Buffy the Vampire Slayer: Season 6, Episode 19: Seeing Red
Written by Steven S. DeKnight; Directed by Michael Gershman
Sorry, guys. This one’s going to be an essay.
This is the episode where Buffy died for me. Seriously, I could take Dawn the kleptomaniac, I could take the Doublemeat Palace, I could even just about tolerate crack whore Willow, but this was the straw that broke the camel’s back. Watching Seeing Red for the first time was the moment at which it suddenly occurred to me just how much I was being manipulated. It got to a point where I actually started laughing at what I was seeing. The writers had overshot with their message of pain and suffering so much that they’d turned what, with a little restraint, could have been an effective story about the perils of growing up, into an absolute farce of epic proportions.

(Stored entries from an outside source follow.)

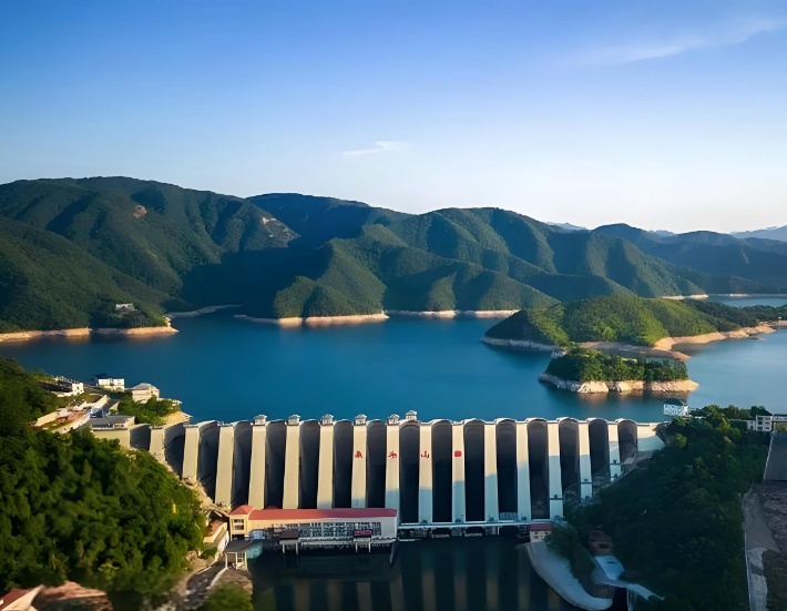 位于六安市金寨县西南端的梅山水库,水域辽阔,水质清澈,与四周连绵的群山、茂密的森林交相辉映,构成层次丰富、气势恢宏的山水景观。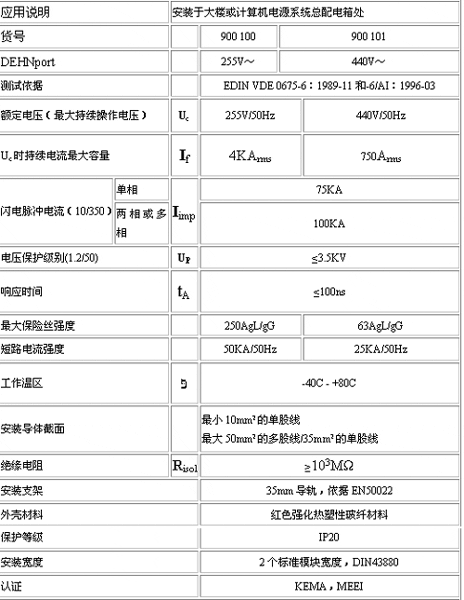 該裝置可將電源線聯于防雷等電位中,用在雷擊區電源第一級防雷,與下一級過壓保護器配合使用,如DEHNguard或其它所需的保護。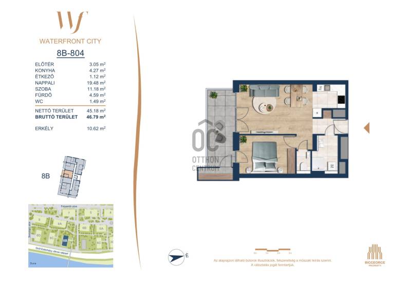 Projekt bemutatásaA projektrőlA Waterfront City egy új, modern városnegyed a 3. kerületben, ahol a természet közelsége és a városi kényelem tökéletes egyensúlyban van. A Duna-part közvetlen szomszédságában elhelyezkedő fejlesztés különleges atmoszférát kínál: a sétányt új épületek határolják, üzletekkel, kávézókkal és szolgáltatásokkal, amelyek élhető közösségi teret teremtenek.A 13 emeletes lakóépületből lenyűgöző örökpanoráma nyílik a budai hegyekre és a folyóra, a tágas teraszok pedig ideálisak a pihenéshez vagy a baráti összejövetelekhez. A zöldtetők, parkosított terek és fenntartható megoldások – mint az energiatakarékos rendszerek és okos otthon funkciók – mind hozzájárulnak a modern, környezettudatos életstílushoz.Látogass el értékesítési irodánkba, és tekintsd meg a városnegyed makettjét személyesen! Ismerd meg, milyen lesz az élet Budapest egyik legizgalmasabb új fejlesztésében!Óbuda szívébenKépzeld el, ahogy egy napsütéses délelőttön Óbuda szívében sétálsz, a Duna közelsége frissítően hat rád, miközben a Folyamőr utca, a Miklós tér és a Bogdáni út által határolt, öt hektáros területre érsz. A levegőben ott van a város történelme, mégis minden részletében a jövő hívogat.A 50 000 négyzetméteres területen egy hangulatos sétány vezet végig, amely egyenesen az óbudai Fő térre visz – mindössze 600 méterre. Ez a sétány nem csupán összeköt, hanem élményt nyújt: a Kolosy térről induló Óbudai Promenád részeként a város egyik legélhetőbb, legpezsgőbb szakaszán haladsz végig. És ha biciklivel érkeznél? A nemzetközi kerékpárút is itt halad el, Szentendre felé vezetve.Az 5. ütemben épülő 149 lakás mindegyike egyedi hangulatot kínál. Ahogy belépsz egy-egy otthonba, a hatalmas üvegfelületeken át beáradó fény és a tágas, szellős terek azonnal magukkal ragadnak. A kilátás? A Kaszap István park zöldje nyújt békét, míg a felsőbb emeletekről a Budai-hegység örökpanorámája tárul eléd – minden nap egy új festmény az ablakodban.A 6. ütemben 316 modern lakás épül, tágas teraszokkal és lenyűgöző kilátással a Dunára és a budai hegyekre. A lakók kényelmét őrszolgálat, kamerarendszer, mélygarázs, vendéglátóhelyek, belső park, játszótér és E-autó töltők szolgálják. Ez a projekt utolsó üteme, amely még közvetlen Duna-parti kapcsolattal rendelkezik. |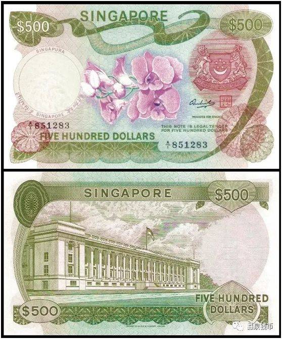 500 元币的正面主景图案为 "胡姬花",背面主景图案为政府办公大楼,票幅为16.0× 9.6厘米,主色调为绿色;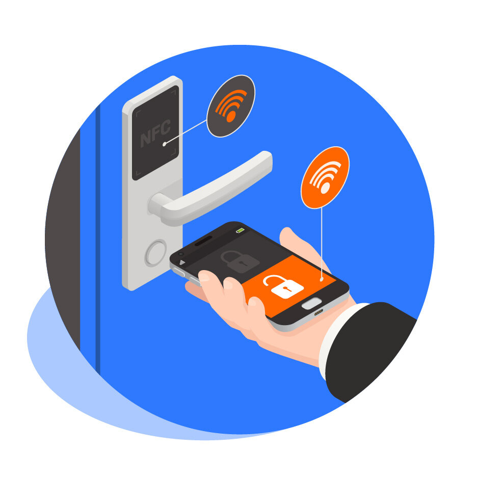 В данном решении смартфон выступает в роли идентификатора. Для этого необходимо, чтобы смартфон имел модуль с поддержкой NFC. Технология NFC – это беспроводная технология малого радиуса действия для обмена данными между устройствами.
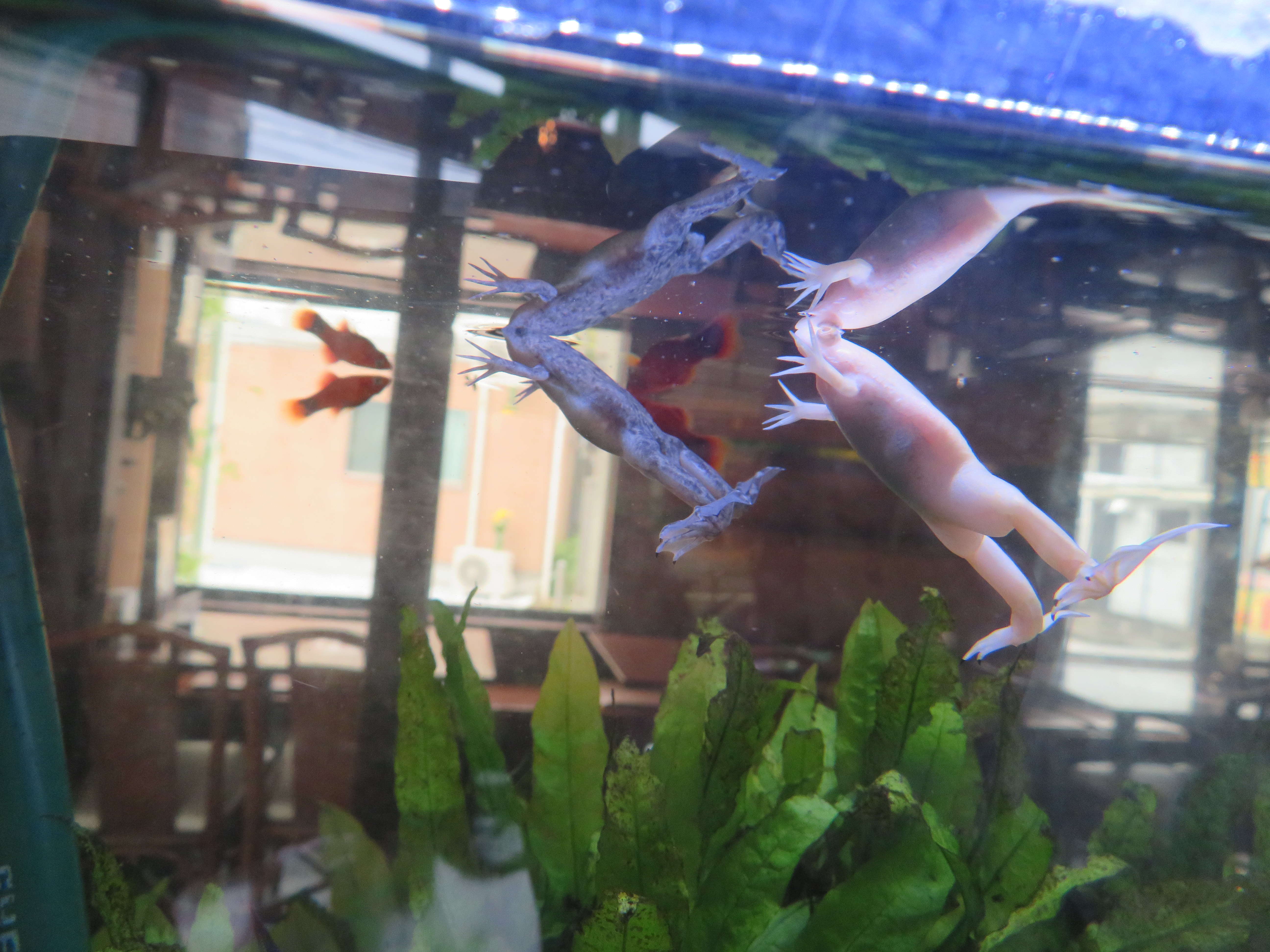 水槽には多種の魚が泳いでいますが、目を引くのが数匹のカエル。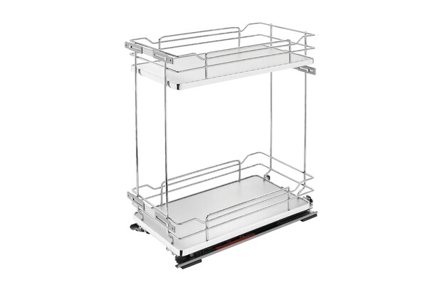 Bring the elegance with this chic design into your home with the Rev-A-Shelf 5322 Series. This Two-Tier Base Organizer combines clean lines, modern chrome or orion gray flat wire accents, and your choice of luxurious gray, maple or orion gray shelving surfaces to create a striking piece of organizational technology. Features patented door mount brackets, Blum soft-close slides system and heavy duty construction.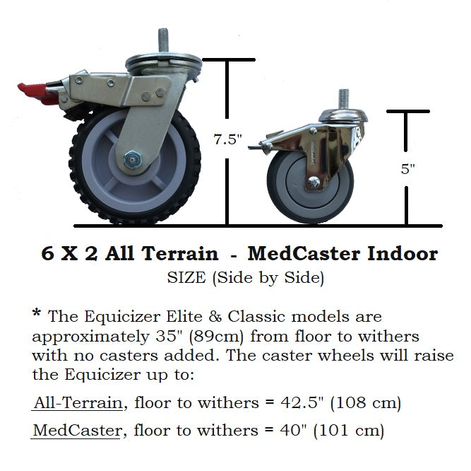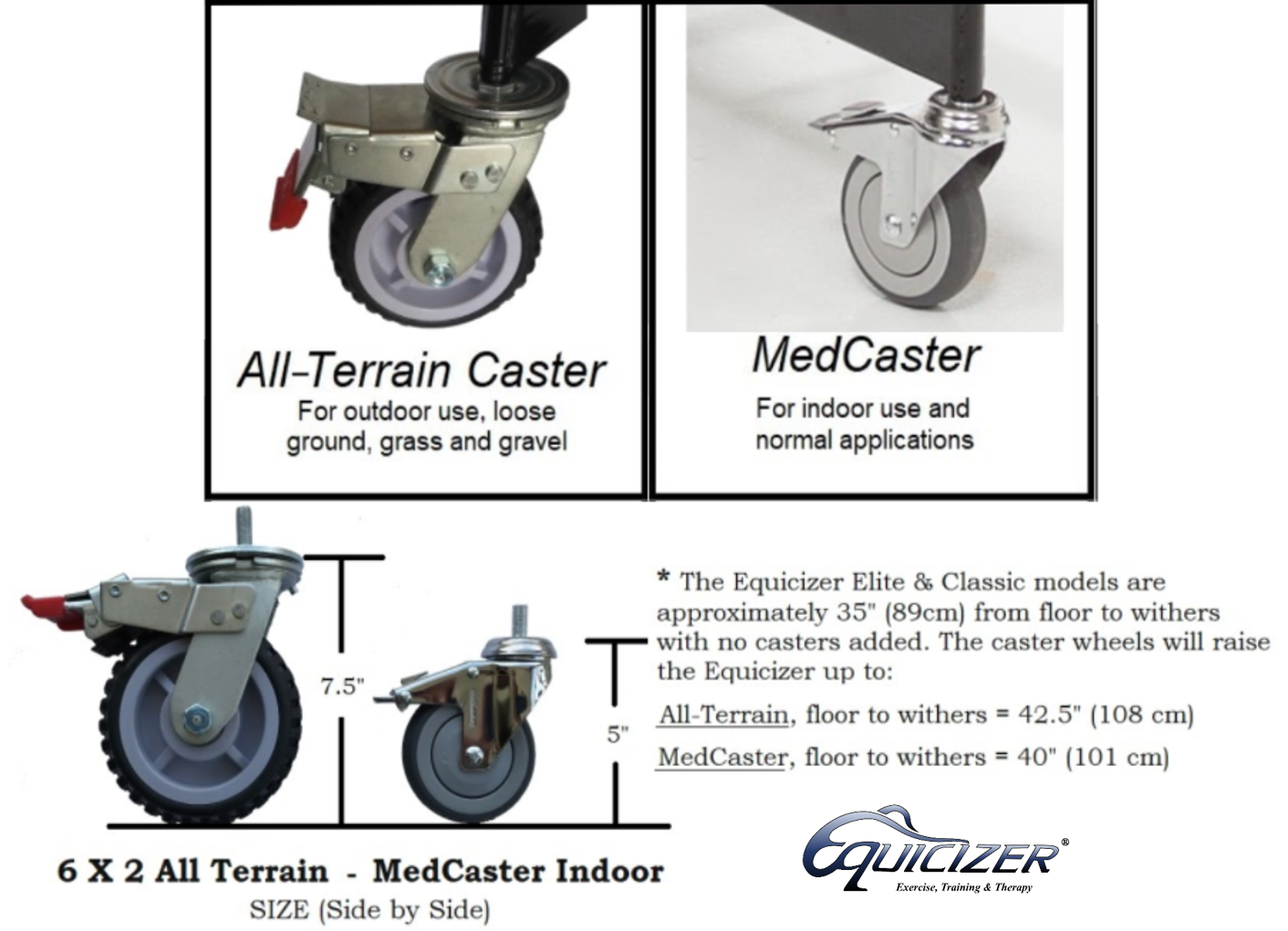 - Includes choice of 4” indoor medical grade casters, or for a small additional charge, our 6” All-Terrain Casters
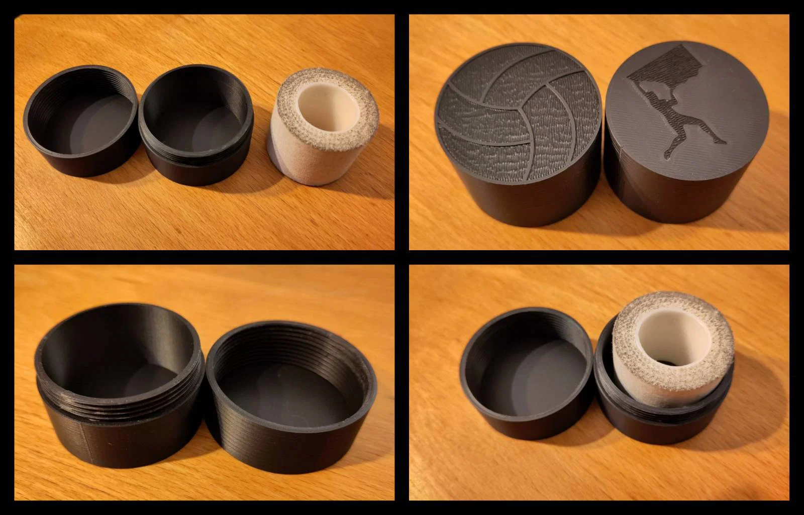 Hộp đơn giản để giữ fingertape sạch khi đi leo/thi đấu. Có 3 bản: logo bouldering, logo volleyball hoặc không logo. In PLA, ren vặn khít; chỉ cần support ở đáy (bản không logo thì khỏi).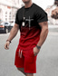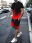 Herren Grafik Farbverlauf 2St T-Shirts-Sets Tee-Set Kurzarm Kurze Hosen Rundhalsausschnitt Mode Leicht Basic Straße Täglich Sport Druck Sommer Frühling Rote Blau

There are two nails in this particular coffin. One is the dead lesbian lying in a pool of lesbian blood at the foot of the Evil Bed of Lesbian Lust just after having sinful lesbian sex with another lesbian, whose eyes flash red as she turns into an evil lesbian killing machine (see, I’m trying to make a point here). The other is Spike the Redeemed Vampire turning into Spike the Rapist because the writers suddenly remembered “Hey, soulless vampire - got to be evil! Quick! Make him do an evil thing because, you know, all those times we portrayed Spike as a sympathetic, selfless hero - guess what? You weren’t meant to like him. Because he’s not good - he just wants to get into Buffy’s pants.”
There are several problems with this, and they all stem from the fact that the writers have proven themselves completely incapable of portraying Spike in anything approaching a consistent manner. The attempted rape, presumbably, is meant to remind us that he is, deep down, still an evil, soulless monster. Okay, but why then is he in “human” face throughout the attack? (Which, before anyone asks, was, in my opinion, an excellent move. It firmly establishes rape as a crime committed by human beings rather than mythical monsters. The only problem is that it contradicts everything that follows.)
The writers then send him on a quest to get his soul back, presumably because they want to show that a soulless creature can never be redeemed. Okay, so then you negate two and a half years’ worth of character development. But fair enough: let’s assume it’s true and that, deep down, Spike really is evil, and that getting his soul back will turn him into a completely different person. Okay, but then why does his personality not change one jot after he regains his soul (see Season 7)?
More crucially, why is Buffy, the stronger of the two, allowed to abuse Spike and not have to pay for her crimes? Please note that the issue here is not to try and excuse Spike’s actions, but rather to ask why Buffy should be excused from doing exactly the same thing. The impression given here is that domestic violence can only ever be something that men do to women. What it all comes down to is that Buffy is the victim because she’s the girl, and Spike is the villain because he’s the guy. Which, for a supposedly feminist show, is jaw-droppingly misogynist. (Domestic Abuse and Gender Role Reversal in Season 6: My Letter to Mutant Enemy by Kristen Smirnov is a great article, by the way, and one from which I cribbed a number of the points made above.)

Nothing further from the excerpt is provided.